The present study has some limitations to consider. While being among the larger end prospective clinical trauma studies with very little drop out, it has few thrombotic events and deaths. This is a weakness from a scientific point of view, but it reflects the actual clinical situation in our hospital. We excluded patients dead on arrival or transferred directly for neurosurgery. This may have lead to underestimation of the significance of thrombin generation as well as a reduction of the prevalence of neurosurgical injuries in our cohort. However, only few patients were missed on these grounds, and it is judged to have had limited impact on the results. The cohort consists mainly of blunt traumas which warrents caution when compared to previous studies. However, it reflects the trauma population in Denmark and provides an unselected picture of our trauma patients. Due to local registration procedures, we were unable to retrive some key parameters, foremost acid–base balance or base excess and resuscitation volume. However, the prevalence of shock on admission was low and the admission hematocrite level within the reference interval which suggests that large deviations in acid–base balance or massive volume resuscitation have not occurred. In our study, thromboembolic events were registred only in symptomatic patients, and we may therefore have missed subclinical events. This approach was used since we studied a mixed trauma population and discharged patients could not be systematically followed. However, according to national guidelines, patients with symptoms of thromboembolic disease are referred to hospital for investigation, and the majority of events developed within 30 days after discharge would have been diagnosed.

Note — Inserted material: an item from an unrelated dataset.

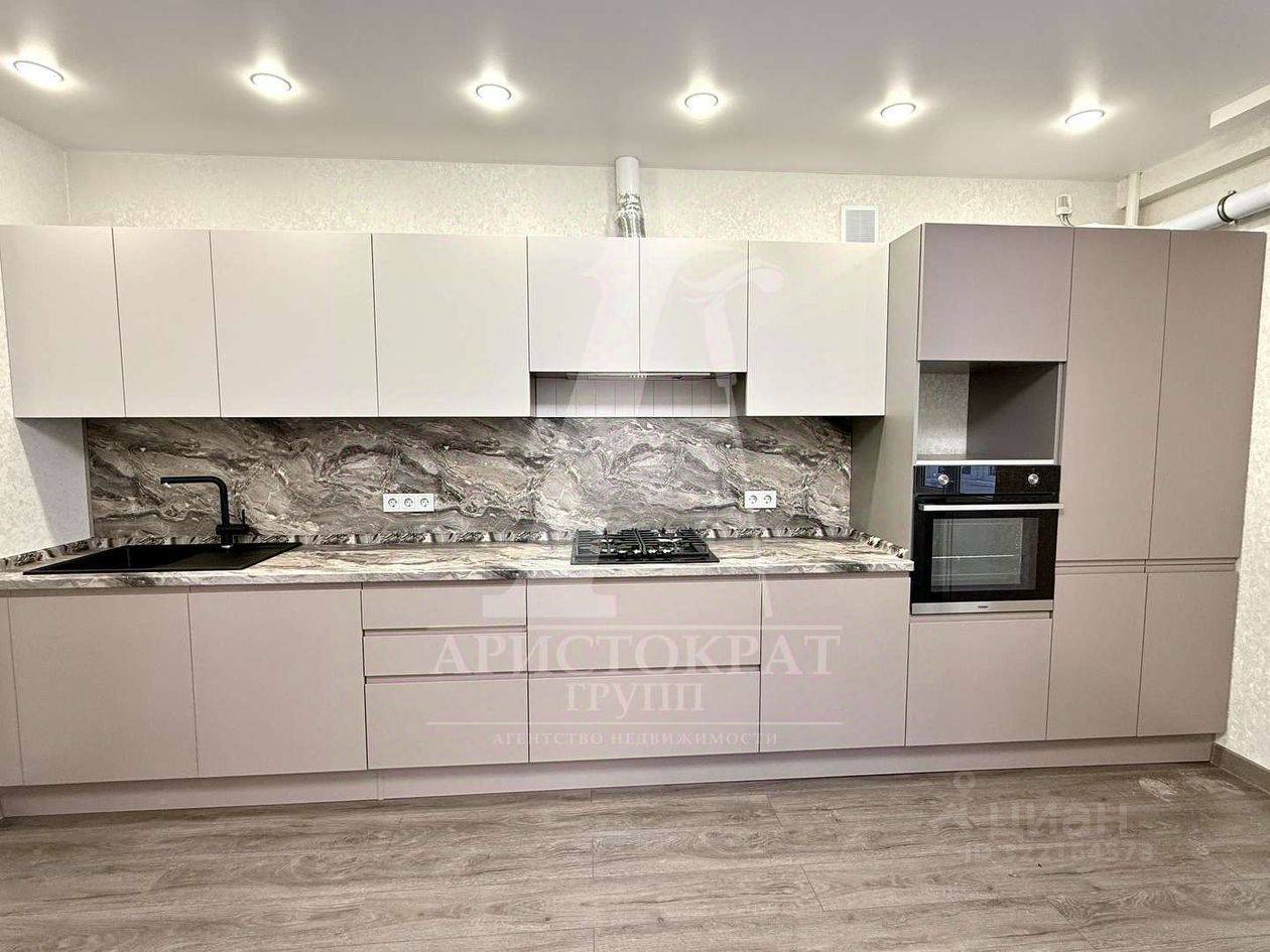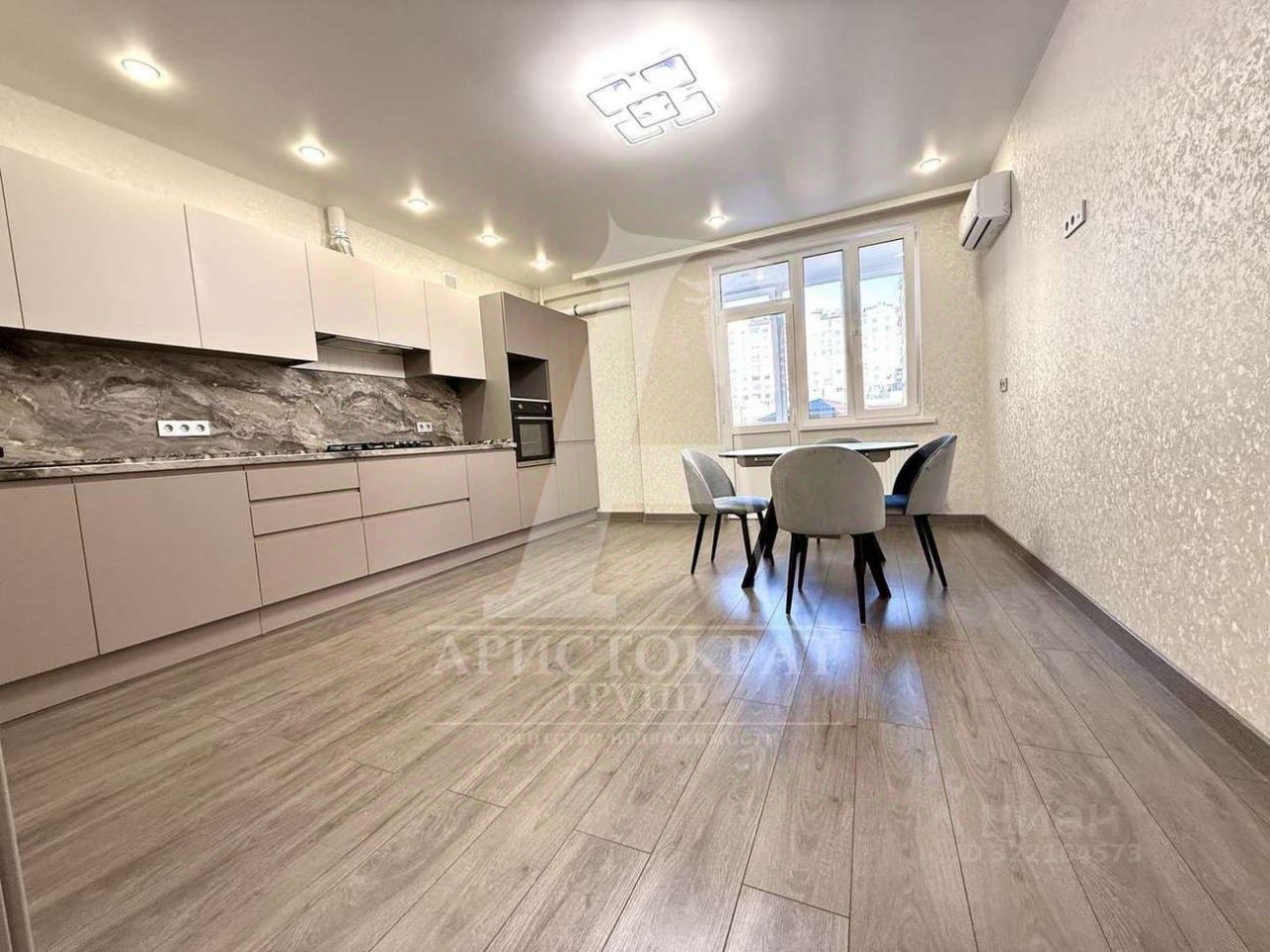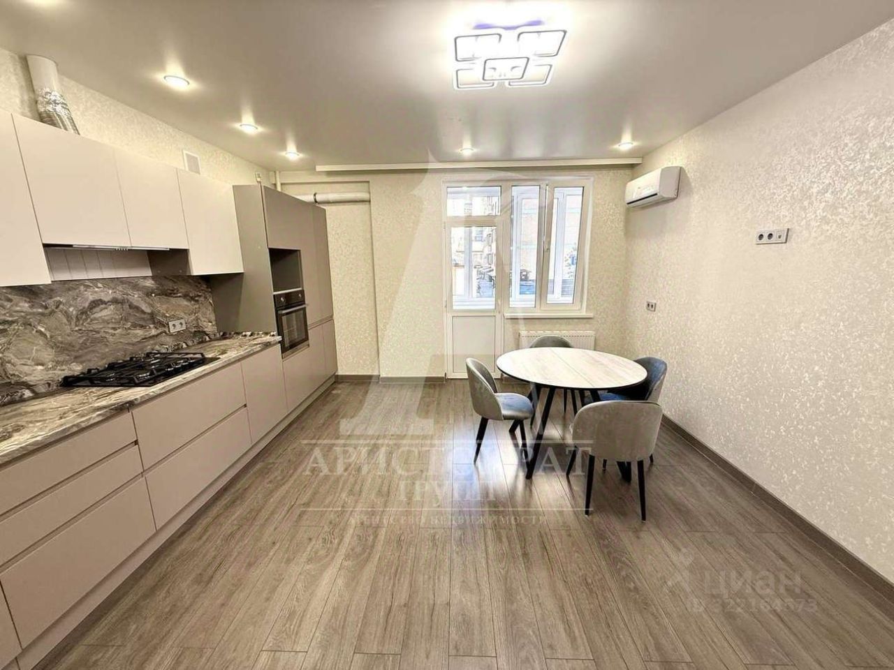 Квартира оснащена встроенной кухней с бытовой техникой , установлены кондиционеры , люстры .

In conclusion, younger patients mounted a stronger and more dynamic in vivo thrombin response to major blunt trauma than older patients who, by contrast, were more prone to depletion of ex vivo thrombin generation. Admission levels of F1+2 concentration and TAT complex had a strong ability to predict death and/or thromboembolic events 30 days after the injury. This may suggest that biomarkers of in vivo thrombin generation could prove valuable in clinical risk stratification of trauma patients.
Materials and methods
Study population
Patients aged 18 years or above, admitted to the level I trauma center of Aarhus University Hospital, Denmark, in the period from March 2017 to March 2018 were evaluated for inclusion. Patients were excluded from the study if: dead on arrival to the trauma center; pregnant; not fulfilling the Advanced Trauma Life Support (ATLS) criteria for trauma team activation30; blood sampling proved practically impossible; the patient or the substitute declined or withdrew consent. Patients readmitted during the study period were included in the study only once for the admission associated with most collected samples.

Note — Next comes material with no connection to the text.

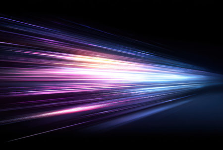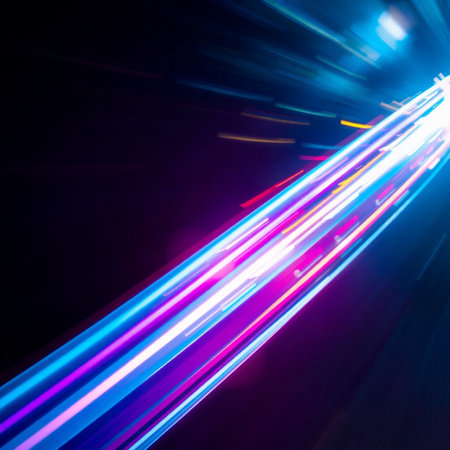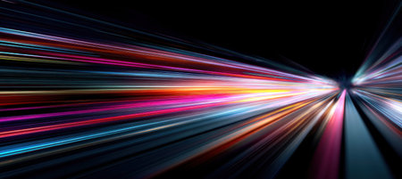 This vibrant image features colorful light trails in motion against a dark background, perfect for themes of technology, innovation, and energy.
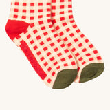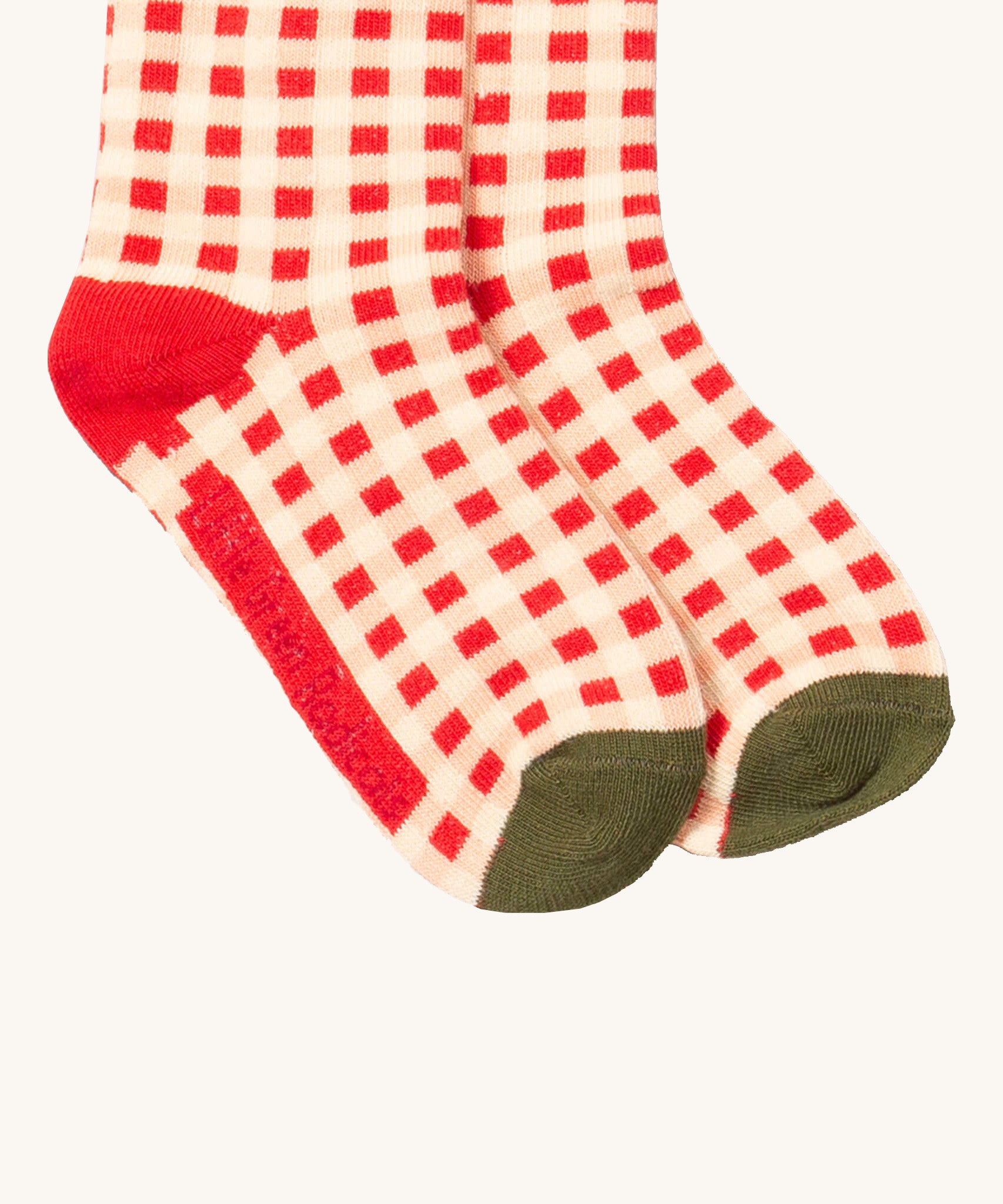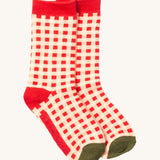 Little Green Radicals red and white check ankle socks from the golden leaves set available at Babipur. A GOTS organic cotton sock with a check design with red and green trim.

The study was conducted in accordance with the Helsinki declaration and was approved by the local ethical committee (1-10-72-205-16 and 1-10-72-204-16) and the Danish Data Protection Authority (1-16-02-452-16). All patients or their next of kin provided written informed consent to participate in the study. In the present study, informed consent was obtained as soon as possible after collection of the admission blood sample. For patients incapable of providing consent, this was obtained from a physician not involved in the study or treatment of the patient as well as from the patients next-of-kin. Patients who gained their ability to consent within 72 h after admission were asked to confirm or deny the informed consent.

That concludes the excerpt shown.